Тот подходит к постели, садится на край. В застывшем времени, которое вот-вот сдвинется с места, мальчик и старик одного возраста.
Я не знаю, что говорит старик.
Я не знаю, что отвечает ему мальчик.
Притвориться, что знаешь, будет слишком схематично.
Между тем развитие настолько сдерживается, а приближение конца так замедлено, что желание сдержать слезы остается неколебимым и длится часами.
Ветка ударила его в лицо и грудь. Наверное, то же самое испытывают при попадании пули. Сила столкновения так велика, что внутреннее «я» уклоняется от любых внешних связей, хотя подобное явление не имеет ничего общего с забытьем. Мальчик не потерял сознания, но внезапно его тело вкупе со всеми его ощущениями и воспоминаниями превратилось в бескрайнюю ферму, по которой он непонятным способом передвигался. В отдалении виднелась какая-то бесформенная темная масса, состоящая из каменных поверхностей и воды. Он стремительно к ней приблизился и проник внутрь в тот самый миг, когда спина коснулась бедра лошади; едва ноги взлетели в воздух над холкой, мальчик вытянулся вертикально в облачной расщелине; потом ударился о землю, и внезапно поля раздвинулись, будто занавес, и открыли безбрежное синее небо, под которым не было земли, а был только он. И тут он потерял сознание.
Он выныривает из забытья.

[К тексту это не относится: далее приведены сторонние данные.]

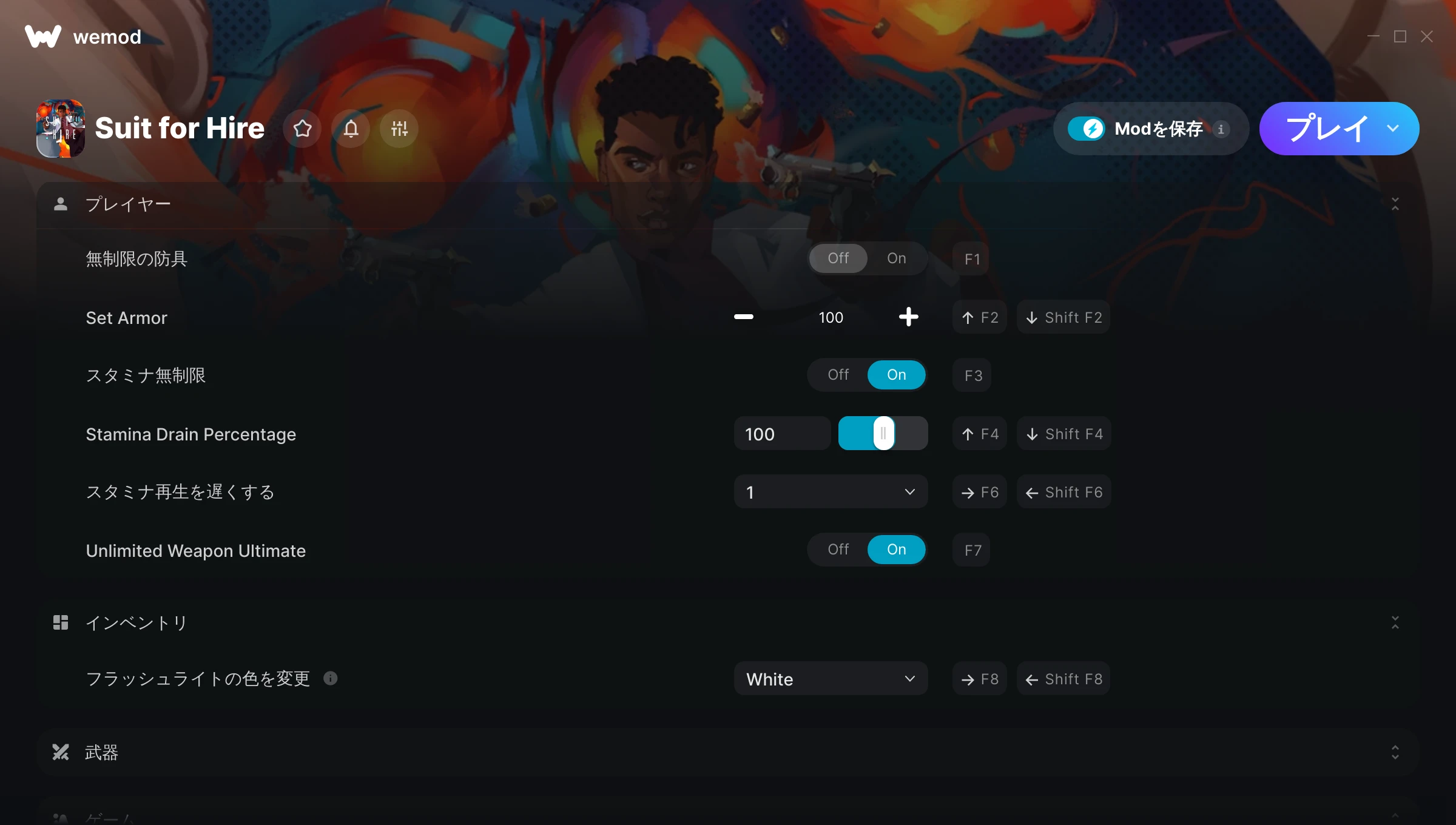 Suit for Hireでチートを使うにはどうすればよいですか?WeModはすべてのゲームをPC上に安全に表現します。リストからゲームを開き、プレイを開始するだけです。ゲームが読み込まれ、ユーザーがゲーム内に入ると、さまざまなチートを有効化できるようになります!これは私のゲームのバージョンで動作しますか?WeModは高度な技術を使用して、実行中のゲームのバージョンを検知し、対応しているかどうかをユーザーに通知します。通知がなくても試してみることができますが、その場合はアップデートをリクエストしてみてください!

В постели его стойкость проистекает из первоначального решения не закричать при виде ветки, принятого час назад, прежде чем его нашел старик. В постели мальчик все еще решает. Для него время замерло, и стойкость требуется не для того, чтобы придерживаться решения, а для того, чтобы принимать его бесконечно.
(Именно поэтому палачи чередуют пытки с утешением, разрушая подобное восприятие времени, необходимое телу для защиты.)
Все написанное – схема. Ты – схематичный писатель. Изложение напоминает теорему.
До определенного момента.
Какого именно?
До того, как поднимается занавес.
– Возвращайся к мальчику.
– Кто это говорит?
– Старик.
– Что мальчик чувствует?
– Спроси старика.
– Глянь-ка, – говорит старик. – Даже не стонет, бедняжка.
Дом – последний рубеж перед концом. Поэтому умирающие хотят умереть дома.
Мальчик не умирает.
Он дома, в кровати, накрытый одеялом, от которого пахнет отсыревшим грязным тряпьем.
В тот миг, когда его падение и боль застыли во времени, он нашел дом.
Мальчик вышел из своих владений к старику.
Они встретились на равных. Их встреча не подчинялась никаким правилам. Кость столкнулась с костью.
Но как только ощущение времени возвращается к мальчику, он снова становится ребенком.
– Эк вы сверзились, ваша милость. Не волнуйтесь, лежите себе тихонько. Сейчас дядюшка ваш приедет, в телеге домой повезет.
– Не хочу я никуда ехать.
– Ну не здесь же вам оставаться.
– А что такого? Чья это?
– Что «чья»?
– Чья это кровать?
– Моя, ваша милость. Я вас на тропке у Соколиной рощи нашел, вот принес сюда, уложил вас.
– А чей это дом?
Он заглядывает в окна батрацких хижин, карабкается на подоконник спальни доярки, примеряет ее фартуки. Натягивает кожаные гетры Тома – мальчику они доходят до самых бедер. Ах, как интересно быть кем-то другим!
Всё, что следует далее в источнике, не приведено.